Verfassungsschutz auflösen! Rassismus bekämpfen!

Der neue Termin für unsere am Montag ausgefallene Veranstaltung steht fest. Der Vortrag mit Katharina König findet am 7. November um 20.00 Uhr im Club Courage statt.


Info und Mobilisierungsveranstaltung mit Katharina König

Nazi-Terror und Geheimdienst-Skandal
Eine vorläufige Bilanz ein Jahr nach Aufdeckung des NSU

Gegen VS Als am 4. November 2011 Schüsse in einem Wohnmobil in Eisenach fielen, ahnte wahrscheinlich niemand, dass damit der Weg einer rechten Terrorgruppe ein Ende nahm. Seitdem versuchen parlamentarische Untersuchungsausschüsse, Journalist*innen und Antifaschist*innen das Geschehene zu erfassen und aufzuklären. Fast wöchentlich werden neue Details über die Verstrickungen der Geheimdienste mit dem NSU und seinem Unterstützer*innen-Netzwerk sowie über die fragwürdigen Ermittlungspraktiken der Polizei bekannt. Das tatsächliche Ausmaß des Beziehungsgeflechtes zwischen Staat und Neonazis ist nach einem Jahr Auseinandersetzung um den NSU noch nicht abzusehen. Es wird gelogen, verschwiegen und vertuscht. Über Rassismus wird kaum gesprochen, stattdessen über weitere Kompetenzen für Sicherheitsbehörden.

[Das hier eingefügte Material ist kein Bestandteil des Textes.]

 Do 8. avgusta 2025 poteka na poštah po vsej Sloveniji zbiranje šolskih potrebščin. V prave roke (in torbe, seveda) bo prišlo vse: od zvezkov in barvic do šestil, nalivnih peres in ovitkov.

Die Referentin Katharina König ist im Jena der 1990iger Jahre aufgewachsen. Sie kennt die späteren NSU-Täter*innen und deren Unterstützungsumfeld aus dieser Zeit. Katharina König engagierte sich damals im Jugendzentrum der Jungen Gemeinde Stadtmitte, wo sich links-alternative Jugendliche trafen, die den Übergriffen der Neonazis etwas entgegensetzen wollten. Seit 2009 sitzt sie als Abgeordnete für die Fraktion „Die Linke“ im Thüringer Landtag und ist Mitglied im dortigen Untersuchungsausschuss zum „Nationalsozialistischen Untergrund“ (NSU). Seit mehreren Monaten versucht der Untersuchungsausschuss vor allem das Versagen der Zuständigen aufzuklären.

Katharina König wird über die 13 Jahre des „Nationalsozialistischen Untergrund“ und die politische Sozialisation der NSU-Täter*innen in der Thüringer Neonazi-Szene der 1990er Jahre sprechen. In ihrem Vortrag wird sie auch die bisherigen Ergebnisse der Aufklärung bilanzieren.

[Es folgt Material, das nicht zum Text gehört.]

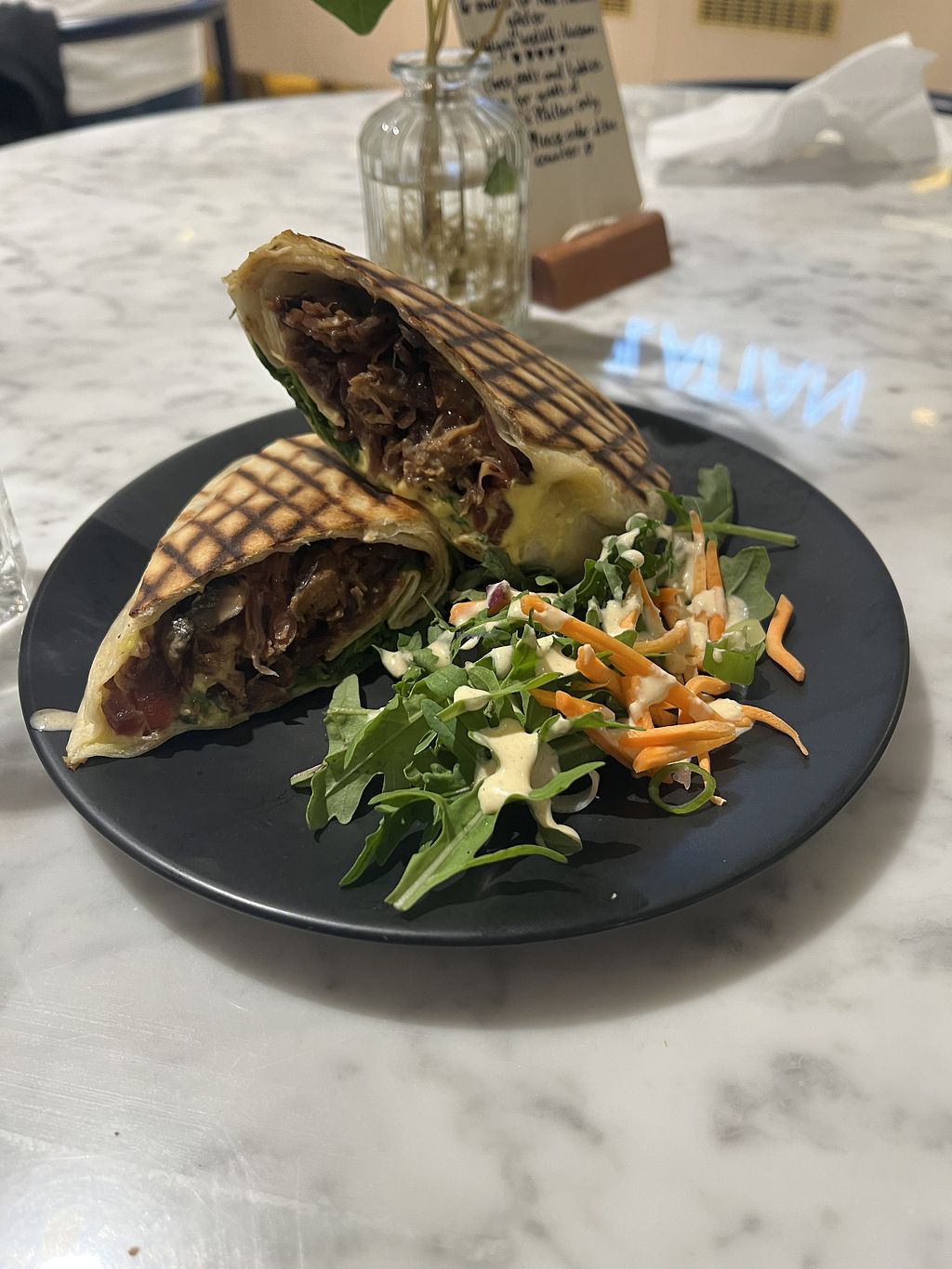 A very pleasant surprise. The wraps were so delicious that we returned the next day. Also, probably best cinnamon bun of my life.

Im Anschluss daran wird die Demonstration „VS auflösen – Rassismus bekämpfen“ am 10. November 2012 in Köln vorgestellt. Ein Bündnis linker Gruppen wird ein Jahr nach der Aufdeckung des NSU vor das Bundesamt für Verfassungsschutz in Köln-Chorweiler ziehen und dort die sofortige Auflösung der Geheimdienste fordern. Köln ist nicht nur Sitz des Verfassungsschutzes und des Militärischen Abschirmdienstes, sondern auch Tatort zweier Bombenanschläge der Rechtsterrorist*innen.

Mittwoch, 7.11.2012
20.00 Uhr || Club Courage
Friedensstraße 42 || Münster

Eintritt frei. Mitglieder der rechten Szene sind von der Teilnahme an der Veranstaltung ausgeschlossen.

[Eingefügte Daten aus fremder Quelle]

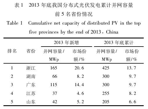 在如此高額的補貼下,分布式光伏電站工作開展仍然屢遭瓶頸的原因在于高額的初裝費用。據(jù)悉,一個中等的分布式光伏電站的初裝費用在5一8萬元之間,這對于一個家庭來說是一項數(shù)目不小的投資,保守估計此投資回收期將長達10年,10年之后分布式光伏電站才能有所收益,如此長的投資回收期使很多投資者望而卻步。這也引起了分布式光伏發(fā)電發(fā)展的不均衡,據(jù)悉目前發(fā)展較快的省份往往集中在經(jīng)濟發(fā)達地區(qū),如浙江、廣東、山東等,而中、西部地區(qū)卻發(fā)展緩慢(表1)。
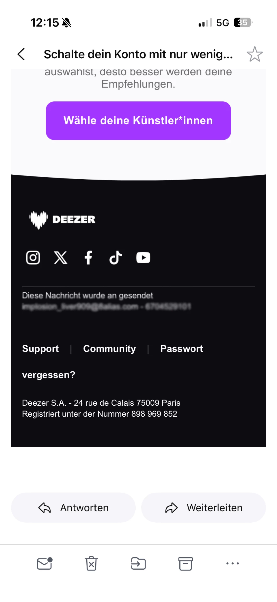 Obwohl in meiner Deezer iOS-App die Benachrichtigung per Email abgewählt ist, bekomme ich jeden Tag mehrere Emails von Deezer. Heute u.a. eine Email mit dem Titel “Schalte dein Konto mit nur wenigen Klicks frei”. Der Inhalt der Email ist, dass ich meine Lieblingskünstler auswählen soll. Das habe ich aber bereits getan nachdem ich meinen Account erstellt habe. Die ausgewählten Künstler sind auch in Deezer gespeichert und zu sehen.

Protestkundgebung gegen VS-Ausstellungseröffnung in Köln

Am Montag, den 29. Oktober demonstrierten ca. 70 Menschen gegen die Ausstellungs-eröffnung „Die Braune Falle“ vor dem Kölner Polizeipräsidium. Aufgerufen zur Gegenkundgebung hatte das Bündnis „VS auflösen“. Zur Ausstellungseröffnung waren Bundesinnenminister Jäger sowie Verfassungsschutzpräsident Maaßen zugegen.

Die Demonstrationsteilnehmer_innen kritisierten in verschiedenen Redebeiträgen und einem Auszug aus dem Theaterstück „V wie Verfassungsschutz“ die rassistischen Ermittlungsmethoden der Polizeidienstbehörden, die in Zusammenhang mit dem NSU-Skandal aufgedeckte Deckung von Neonazistrukturen durch den Verfassungsschutz und die Weigerung der Politik aus den NSU-Skandal politische Konsequenzen zu ziehen.Dazu erklärt Ina Köhler (Bündnissprecherin): “Die heutige Ausstellung dient lediglich dem Zwecke, das angekratzte Image des Verfassungsschutzes und der Polizei aufzupolieren. In Anbetracht des Versagens der Sicherheitsbehörden bzw. des vermutlichen Deckens der Unterstützerszene des NSU durch den Verfassungsschutz ist eine solche Imagekampagne gegenüber den Opfern und dessen Angehörigen ein schamloser Zynismus.” (mehr…)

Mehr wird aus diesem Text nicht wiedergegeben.